With support from the University of Richmond

History News Network

History News Network puts current events into historical perspective. Subscribe to our newsletter for new perspectives on the ways history continues to resonate in the present. Explore our archive of thousands of original op-eds and curated stories from around the web. Join us to learn more about the past, now.

Q. & A.: Sean Wilentz on Bob Dylan

The historian Sean Wilentz, the author of “The Rise of American Democracy” and “The Age of Reagan,” has a long-standing interest in the songs of Bob Dylan, going back to his childhood in Greenwich Village.

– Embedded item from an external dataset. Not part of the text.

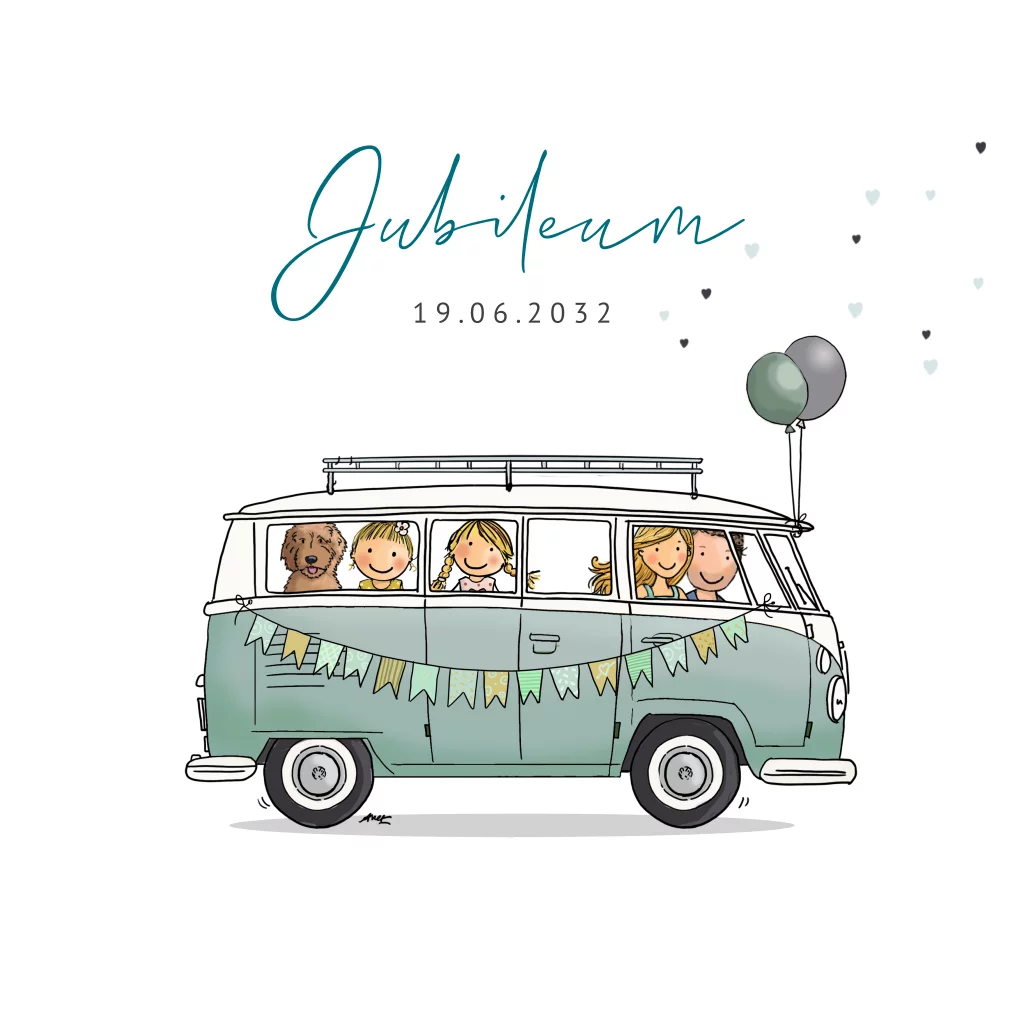 Uitnodiging jubileumkaart vwbusje met familie, deze kaart is naar wens aanpasbaar

His father and uncle ran the Eighth Street Bookshop, an important gathering place for the Beats and other downtown literary spirits; it was in his uncle’s apartment, above the store, that Dylan first met Allen Ginsberg. Wilentz has synthesized his memories, musical impressions, and historical analysis in a striking new book entitled “Bob Dylan in America,” which Doubleday will publish next month; newyorker.com runs an excerpt this week. As a sometime Dylan obsessive—in 1999 I wrote a long piece about Dylan, which will reappear in my forthcoming book “Listen to This”—I approached Wilentz with some questions about his latest work.

ALEX ROSS: I was fascinated by your decision to begin your book with a chapter on Aaron Copland. What led you to start there?

SEAN WILENTZ: I wanted to explore Dylan’s roots in the musical world of the Popular Front, but didn’t want to retell the stories about Woody Guthrie and Pete Seeger. I’d written an essay on Copland for a wholly different occasion, and started coming to grips with Copland’s Popular Front affiliations, which had helped spur his elevation of American folk music. I had a hunch that, somewhere, there must be links between Copland and Dylan.

For a while after 9/11, I recalled, Dylan opened many of his shows by playing recorded bits of Copland’s music. Then I ran across an enthusiastic review in the Daily Worker of Copland’s early work, written by Charles Seeger, Pete’s father. The chapter just grew from there.

Readers expecting a standard biography, which this book is not, may anticipate learning about how Copland had some direct and profound influence on Dylan’s early work. They will be disappointed, and the book’s introduction tries to ward off such expectations.

In the Copland chapter, I’m interested in making other kinds of connections, not just between Dylan’s work and an individual or several individuals, but between his work and a larger cultural congeries of the nineteen-thirties and nineteen-forties. The succeeding chapters take different approaches.